The repository contains unit tests for the C++ and Python code, and can be found under the `test/` and `python/test` folder.

The tests are currently run through the CI using Github Actions. It uses the images found in `docker-builders/`.

In order to minimise hardware requirements the tests can run without a GPU, directly in the CPU using [Swiftshader](https://github.com/google/swiftshader).

For more information on how the CI and tests are setup, you can go to the [CI, Docker and Tests Section](https://kompute.cc/overview/ci-tests.html) in the documentation.

## Motivations

This project started after seeing that a lot of new and renowned ML & DL projects like Pytorch, Tensorflow, Alibaba DNN, Tencent NCNN - among others - have either integrated or are looking to integrate the Vulkan SDK to add mobile (and cross-vendor) GPU support.

The Vulkan SDK offers a great low level interface that enables for highly specialized optimizations - however it comes at a cost of highly verbose code which requires 500-2000 lines of code to even begin writing application code. This has resulted in each of these projects having to implement the same baseline to abstract the non-compute related features of Vulkan. This large amount of non-standardised boiler-plate can result in limited knowledge transfer, higher chance of unique framework implementation bugs being introduced, etc.

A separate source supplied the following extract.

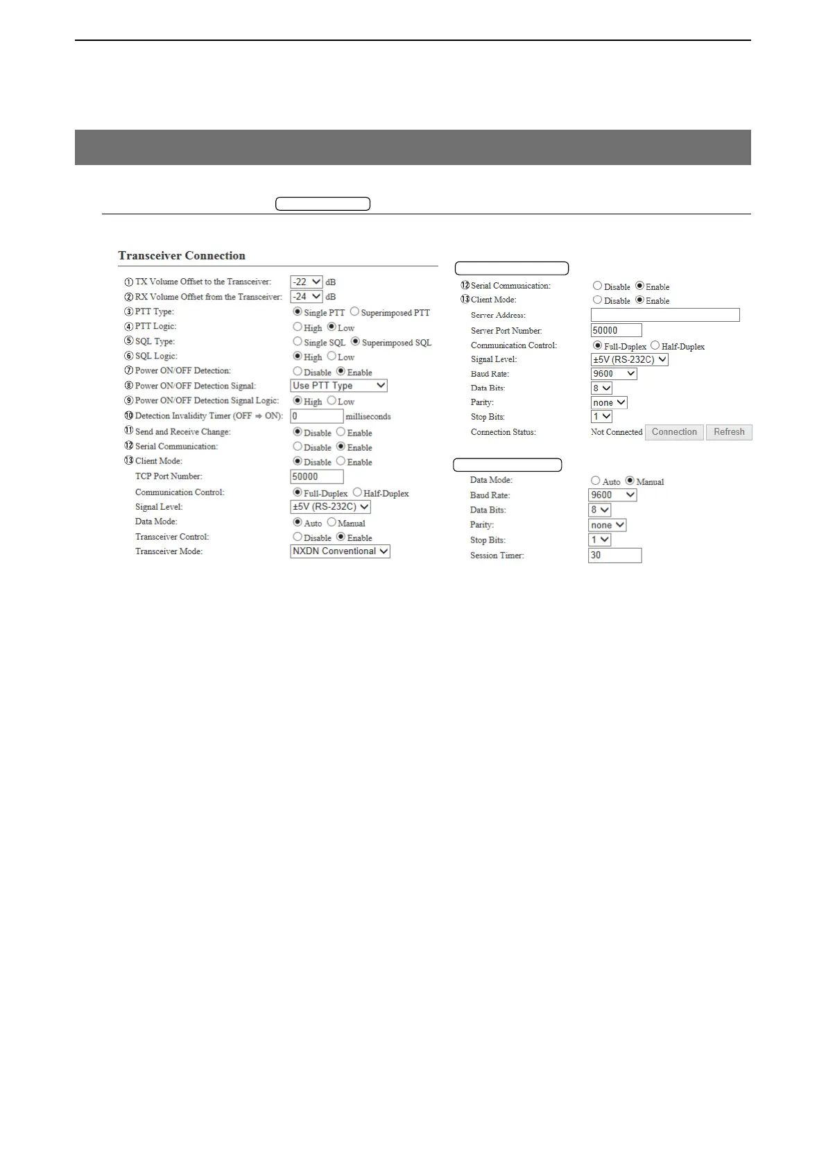 [Port Settings]–[Transceiver 1 (TRX1)/[Transceiver 2 (TRX2)]
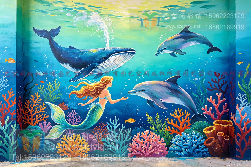 如果说游乐园是承载欢乐的天堂,那么海洋世界彩绘,便是为这个天堂披上了一层梦幻的蓝色纱衣。我们以匠心致初心,将海底世界的奇幻与童真,通过细腻的彩绘笔触,融入游乐园的每一个角落,让每一位访客都能走进童话般的海底世界,邂逅不期而遇的美好与惊喜。走进园区仿佛瞬间穿越时空,闯入了一个五彩斑斓的海底童话王国。主通道的两侧,巨型彩绘将海底的昼夜美景完美呈现:白日里,阳光穿透海面,洒下细碎的金光,成群的热带鱼在波光粼粼的海水中穿梭,斑斓的鳞片在光影下闪烁,像是撒在海底的星星;夜幕下,荧光彩绘点亮整个园区,发光的水母拖着长长的裙摆,在黑暗中翩翩起舞,温柔的蓝光、梦幻的紫光交织在一起,营造出神秘而浪漫的氛围,仿佛置身于海底星空。园区的各个区域苏州手绘都与游乐项目完美融合,让欢乐加倍。墙面上绘着凶猛却可爱的鲨鱼,张开的嘴巴仿佛在为勇敢的冒险者呐喊助威;环绕着小巧玲珑的贝壳、海星,搭配着柔和的蓝色彩绘,瞬间更具童话感;亲子互动区的墙面,更是被绘上了卡通版的海底家族,憨态可掬的海龟、活泼好动的小丑鱼、温柔善良的美人鱼,孩子们可以在这里与“海底伙伴”合影,尽情释放童真。

We are currently developing Vulkan Kompute not to hide the Vulkan SDK interface (as it's incredibly well designed) but to augment it with a direct focus on Vulkan's GPU computing capabilities. [This article](https://towardsdatascience.com/machine-learning-and-data-processing-in-the-gpu-with-vulkan-kompute-c9350e5e5d3a) provides a high level overview of the motivations of Kompute, together with a set of hands on examples that introduce both GPU computing as well as the core Vulkan Kompute architecture.